死と言う概念もよくわからぬ幼い時、血の気のない真っ白な肌になった、冷たい動かない姉に、

「トゥリア?姉さま?姉さま?」

と何度も呼びかけた。


いつもなら、

『ルー、どうしたの?絵本読んであげましょうか?』

と、返事をしてくれるはずなのに。

返事をしてくれない姉に苛立ち、悲しくなって、涙が溢れてきた。

侍女達も静かに嘆いている。父と母はここにはいない。


姉がいなくなり間もなく、祖父の家に攫うように連れて来られた。


祖父の家では年上の従姉達が姉の代わりに僕の相手をしてくれるようになった。


姉も親しい侍女もいない中、泣いてばかりの僕に、

「まあ、いつまでしょげていますの?お姉様はルーの元気な姿を望んでいると思いましてよ?」

と従姉は声を掛ける。

その従姉も泣き腫らした目をしている。
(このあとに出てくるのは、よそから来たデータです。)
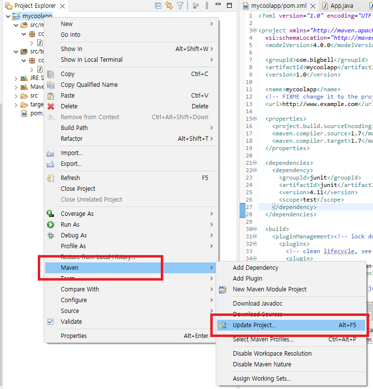 pom.xml의 내용을 바꾸었다면 프로젝트를 업데이트해주자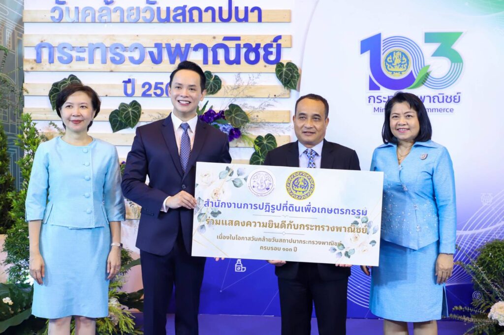 ดร.วิณะโรจน์ ทรัพย์ส่งสุข เลขาธิการสำนักงานการปฏิรูปที่ดินเพื่อเกษตรกรรม ได้ มอบหมายให้ นายสุรชัย ยุทธชนะ รองเลขาธิการสำนักงานการปฏิรูปที่ดินเพื่อเกษตรกรรม พร้อมด้วย นางสาวฆนีรส โพธิ์เจริญ ผู้อำนวยการสำนักบริหารกลาง ร่วมเป็นเกียรติแสดงความยินดีเนื่องในโอกาสวันคล้ายวันสถาปนากระทรวงพาณิชย์ ครบรอบ 103 ปี ณ อาคารสำนักงานปลัดกระทรวงพาณิชย์ ( ชั้น 3 ) ถนน นนทบุรี ตำบลบางกระสอ อำเภอ เมือง จังหวัดนนทบุรี เมื่อวันที่ 18 สิงหาคม 2566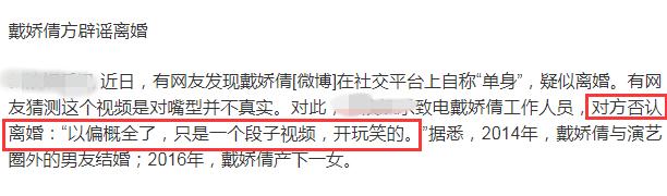 随后,有媒体致电戴娇倩工作人员,戴娇倩的工作人员否认离婚一事,称这只是一个段子视频而已,开玩笑的。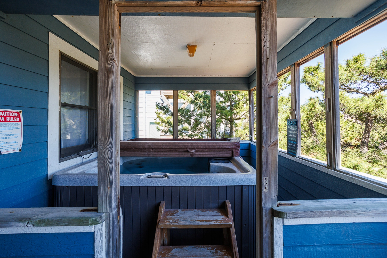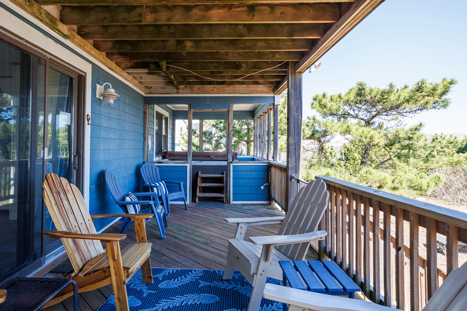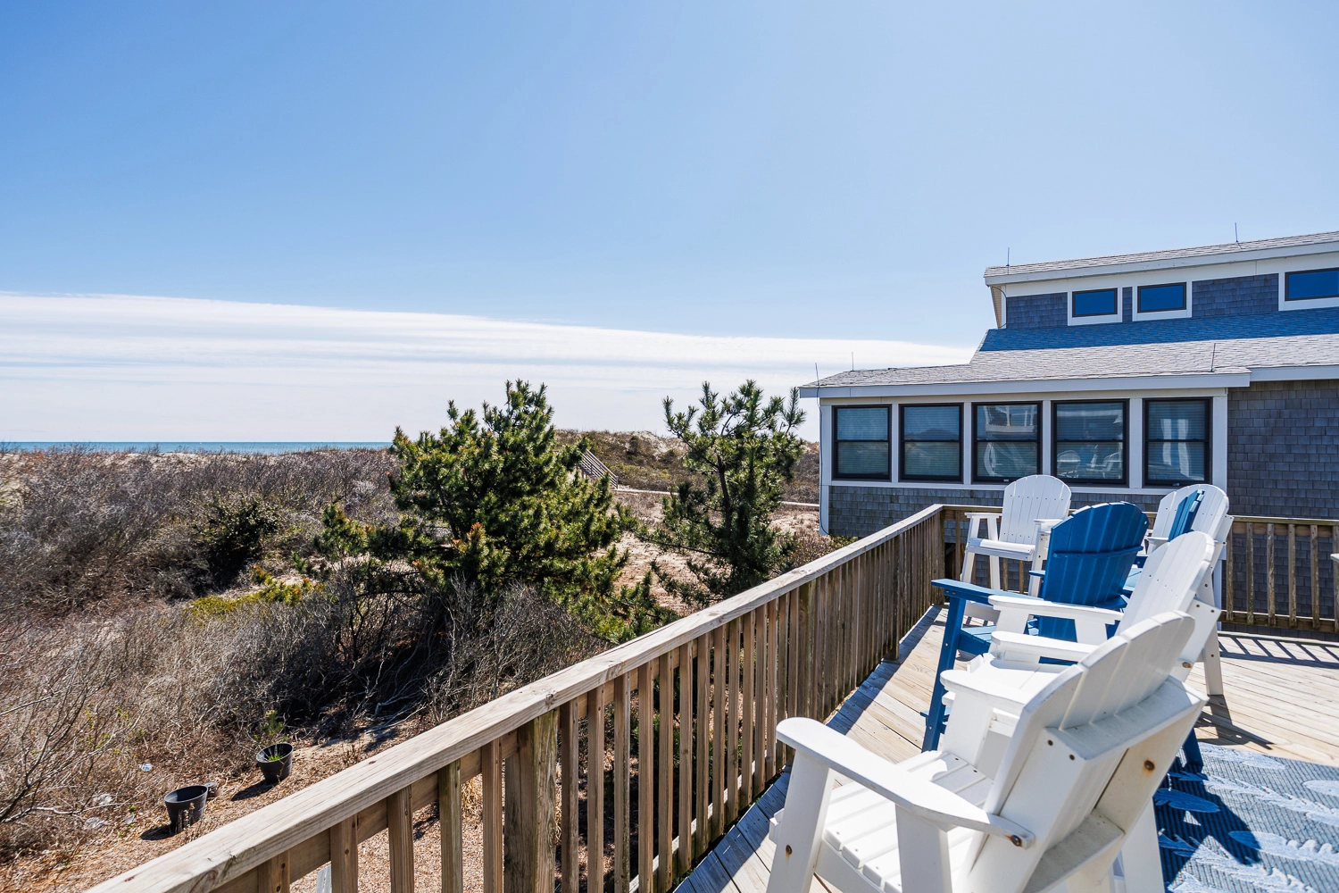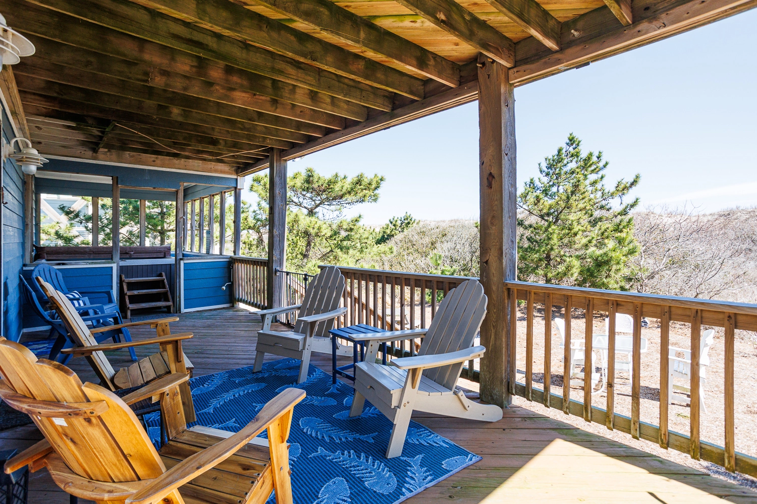 Spend your days lounging on the decks to feel the salty breezes. Gaze at the Atlantic while enjoying meals together in the dining room, relaxing in the great room, and preparing meals in the kitchen. Meander to the nearby beach access to visit the ocean’s edge, and spend quiet evenings soaking in the warm, relaxing comfort of your private hot tub.

姉と従姉は仲良くしていた。


「泣いている暇はないわ。いっぱい勉強して武芸も磨きましょう?」

従姉が言う。


祖父の家で育つ中、僕は幼いながらにわかり始めていた。

姉が死んだとき、侍女が嘆きながら囁いた内容、祖父の家で家人が深刻そうに囁く内容を聞いて。


祖父や伯父に厳しく、焦るように勉強や武芸を教えられて。






姉は、殺されたのだ。


そして、僕も命を狙われているのだと。